Contingency Clause: What it is, How it Works, Real Estate

A contingency clause is a contract provision that requires a specific event or action to take place in order for the contract to be considered valid. If the party that's required to satisfy the contingency clause is unable to do so, the other party is released from its obligations.

Understanding Contingency Clauses

A contingency clause can be inserted into a contract to benefit either party. Courts often require a good faith effort in contracts that contain these clauses. A contingency clause can be considered a type of escape clause for those involved in the contract. It allows one party to cancel a deal if certain requirements are not met, though the party benefiting from the clause has the right to waive it.

Contingency clauses can be written into conditional offers as in the case of employment contracts.

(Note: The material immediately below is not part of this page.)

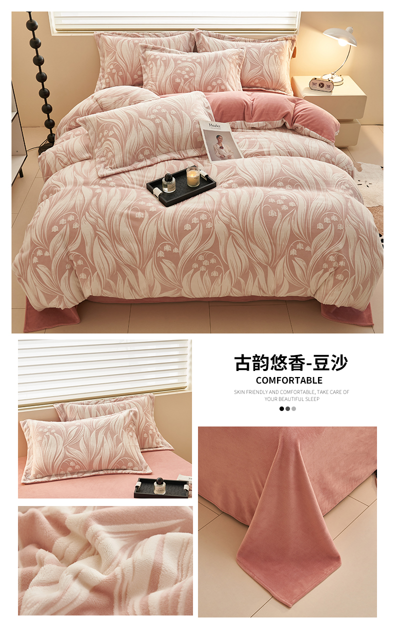(总)恒爱 2022秋冬水晶绒翩翩花舞夹棉床裙四件套,大红色,豆沙红,橄榄绿,公主粉,桔色,咖啡色,孔雀绿,拉菲红,罗兰紫,玫红色,美人玉,米白色,米驼色,抹茶绿,浅灰色,紫色

A job offer might be contingent on the applicant passing a drug test or background check.

Key Takeaways

  • A contingency clause is a contract provision requiring a specific event or action to occur in order for the contract to be considered valid.
  • If the party required to satisfy the contingency clause is unable to do so, the other party is released from its obligations.
  • Contingency clauses in real estate might require the buyer to obtain financing, the home to pass inspection, or an appraisal be done.

Contingency Clauses in Real Estate

Contingency clauses are often used in real estate transactions whereby an offer to buy a home might be contingent on something being satisfied.

A contingency clause in a real estate transaction may require the buyer to obtain financing before the seller transfers the deed. If the buyer cannot bring together sufficient funds to complete the sale, then both parties may have the right to walk away from the deal.

A buyer may have a contingency written into an offer to buy a house only if it passes inspection. An unsatisfactory inspection report can result from issues that were not detected when the buyer first looked at a property. There may be damage to the foundation or hidden problems such as termites. Also, if there's a history of flooding, mold could be present during an inspection triggering the contingency clause. The seller could be compelled to pay the expenses necessary to mitigate these issues. If they do not, the buyer may have the right to call off the transaction or demand a reduction in the sale price for the property.

The appraised value of the property could also set off contingency clauses as well. The bank or lender who is providing the mortgage for the property will send an appraiser to assess its value. The reason for the appraisal is that the bank doesn't want to lend an amount that's more than the house is worth. If the property is determined to be of lower value than the negotiated sale, the lender is not going to loan at the selling price. The low appraisal could prompt a contingency clause that lets the buyer request a lower price, or they can abandon the transaction.

It's important to review the wording of a contingency clause. A loosely worded clause may provide either party too much latitude in determining whether the terms of a contract should be executed. A contingency clause should clearly outline what the condition is, how the condition is to be fulfilled, and which party is responsible for fulfilling it. The clause should also provide a timeframe and what happens if the condition is not met.